Yes, under reasonable assumptions on the underlying measure space, the essentual supremum is again measurable.
To see this, I will assume that $(Y, B,\mu)$ is $\sigma$ finite. Assumptions on the other factor $(X, A)$ are not necessary. In general, some assumption like $\sigma$-finiteness is necessary, since by taking the counting measure, we can always achieve equality of esssup and the "ordinary" supremum and as you noted, this supremum need not be measurable.
Let us first assume that $f \geq 0$. Since $Y = \bigcup_n Y_n$ with $Y_n$ of finite measure and because of
$$
\Vert f(x, \cdot) \Vert_{L^\infty (Y)} = \sup_n \Vert f(x, \cdot) \Vert_{L^\infty (Y_n)}, \qquad \qquad (1)
$$
it suffices to assume that $\mu(Y) < \infty$.
Furthermore, by replacing $f$ by $f_N := f \cdot 1_{|f| \leq N}$ and noting
$$
\Vert f (x, \cdot) \Vert_\infty = \lim_N \Vert f_N (x, \cdot) \Vert_\infty, \qquad \qquad (2)
$$
we see that we can assume $f$ to be bounded.
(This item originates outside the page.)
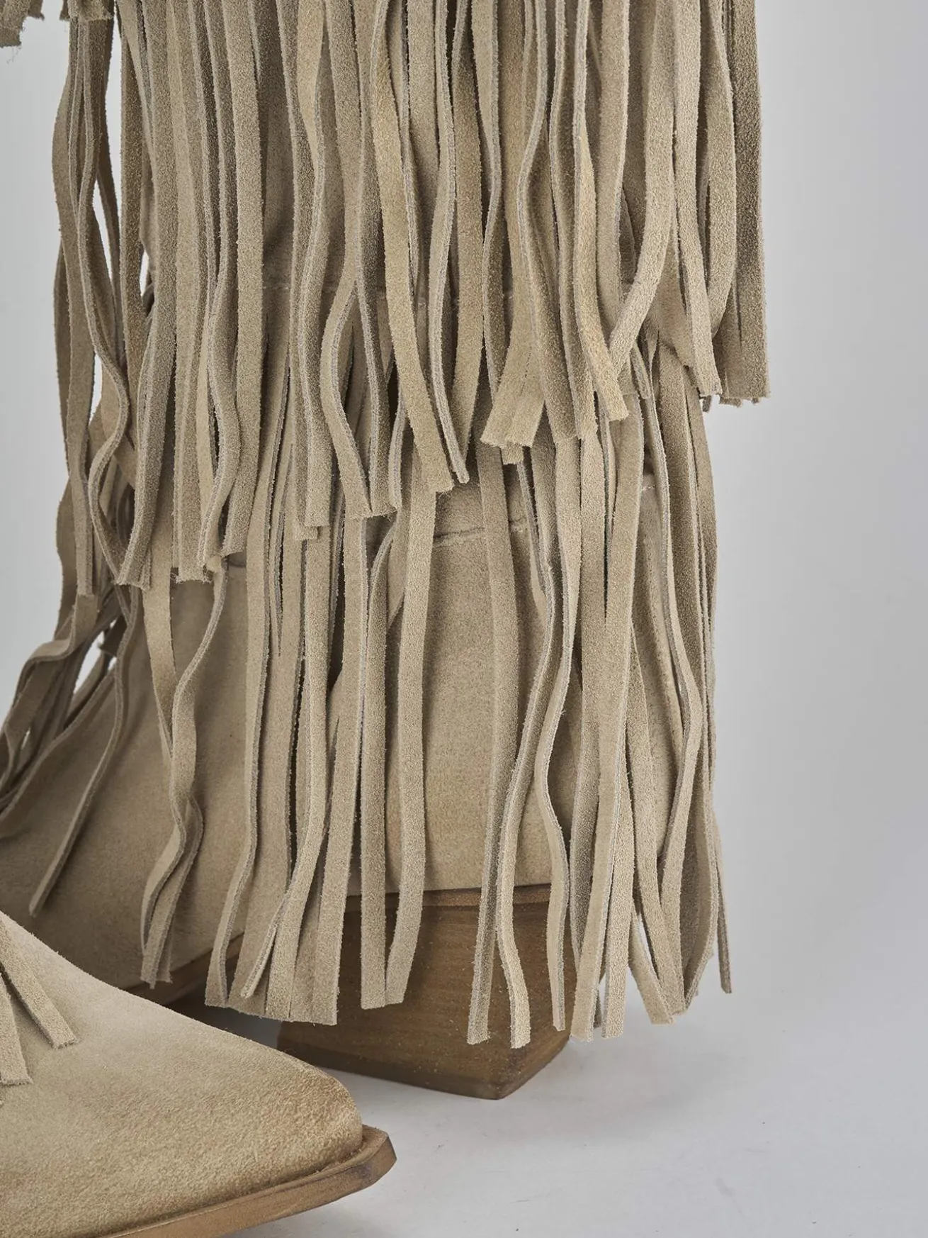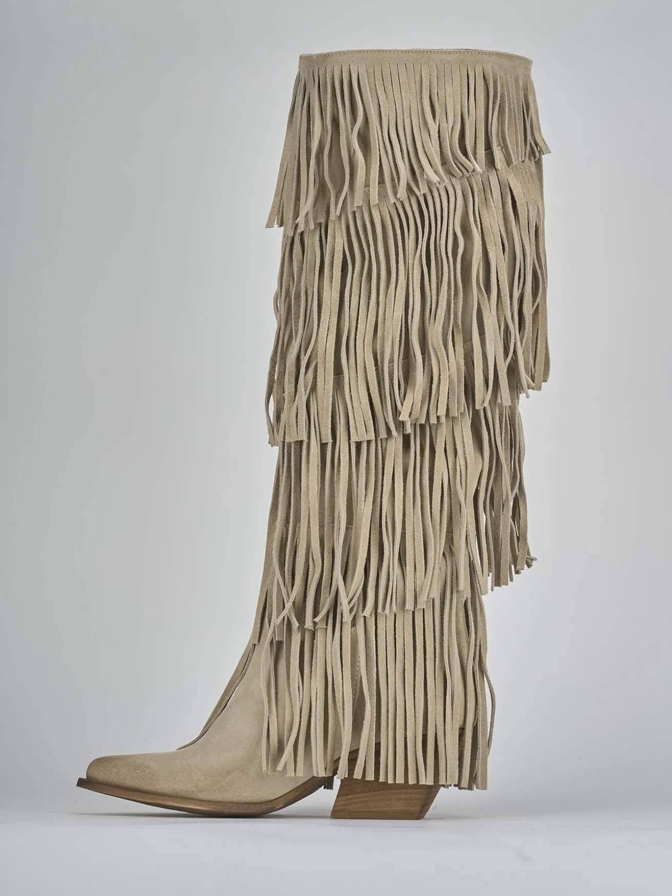 Stivale texano tacco 5 cm fondo in gomma e soletto interno in vera pelle. Tomaia in morbida pelle scamosciata, punta sfilata, frange lunghe sul gambale che misura appena sotto il ginocchio. Tacco cubano, gambale ampio, è perfetto con una gonna o un vestito.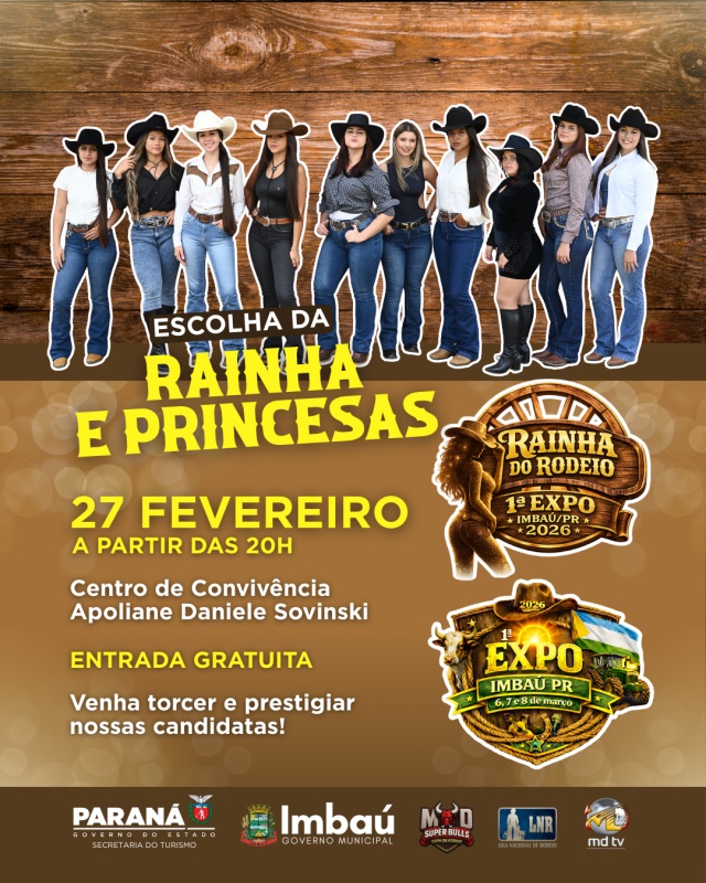 Escolha da Rainha e Princesas da 1ª Expo Imbaú/PR 2026 acontece nesta sexta-feira, 27. (PMI)

In particular (since $Y$ is of finite measure), we have $f(x, \cdot) \in L^p(\mu)$ for all $p$.
Now, this (Limit of $L^p$ norm) question shows
$$
\Vert f(x, \cdot) \Vert_\infty = \lim_n \Vert f(x, \cdot) \Vert_n,
$$
so that it suffices to show that $x \mapsto \Vert f(x, \cdot) \Vert_p$ is measurable for each $1 \leq p< \infty$. For this, it is enough to show that $x \mapsto \Vert f(x,\cdot) \Vert_p^p$ is measurable.
But $|f|^p$ is measurable with respect to the product $\sigma$ algebra and $Y$ is a finite measure space. Thus, part of the statement of the Fubini-Tonelli theorem implies that
$$
x \mapsto \int_Y |f(x,y)|^p \, d\mu(y) = \Vert f(x, \cdot)\Vert_p^p
$$
is measurable.
It remains to remove the assumption $f \geq 0$. As above, it suffices to assume that $f$ is bounded, say $|f| \leq M$. But then we have $M + f \geq 0$ and this function is measurable. Thus,
$$
x \mapsto \Vert M+f \Vert_\infty = \mathrm{esssup}_y \,\, M + f(x,y) = M + \mathrm{esssup}_y \,\, f(x,y)
$$
is measurable as seen above. By subtracting $M$ (which retains measurability), we obtain the claim.
EDIT: Here are some more details. First, let us prove (1) from above. For this, let $g = f(x, \cdot)$. It is trivial that $\Vert g \Vert_{L^\infty(Y_n)} \leq \Vert g \Vert_{L^\infty (Y)}$. For the converse direction, let $\alpha := \sup_n \Vert g \Vert_{L^\infty (Y_n)}$ and note $|g| \leq \alpha$ almost everywhere on $Y_n$ for each $n \in \Bbb{N}$. Since countable unions of null-sets are null-sets, we get $|g| \leq \alpha$ almost everywhere on $Y = \bigcup_n Y_n$ and thus $\Vert g \Vert_{L^\infty (Y_n)} \leq \alpha$, so that we have equality.
Now, note that if $(g_n)_n$ is a sequence of measurable functions, then $\sup_n g_n$ is also measurable, since we have $\sup_n g_n = \lim_k \max_{\ell = 1,\dots, k} g_k$ and it is easy to see that the maximum of finitely many measurable functions is again measurable.
The proof of equation (2) is similar to that of equation (1). Again, the estimate $\geq$ is trivial. Furthermore, if $\alpha := \lim_n \Vert f_N (x, \cdot) \Vert_\infty = \sup_n \Vert f_N (x, \cdot) \Vert_\infty$, then $|f_N| \leq \alpha$ almost everywhere for each $N$. Since $|f| = \lim_N |f_N|$, this implies $|f| \leq \alpha$ almost everywhere, so that we get equality.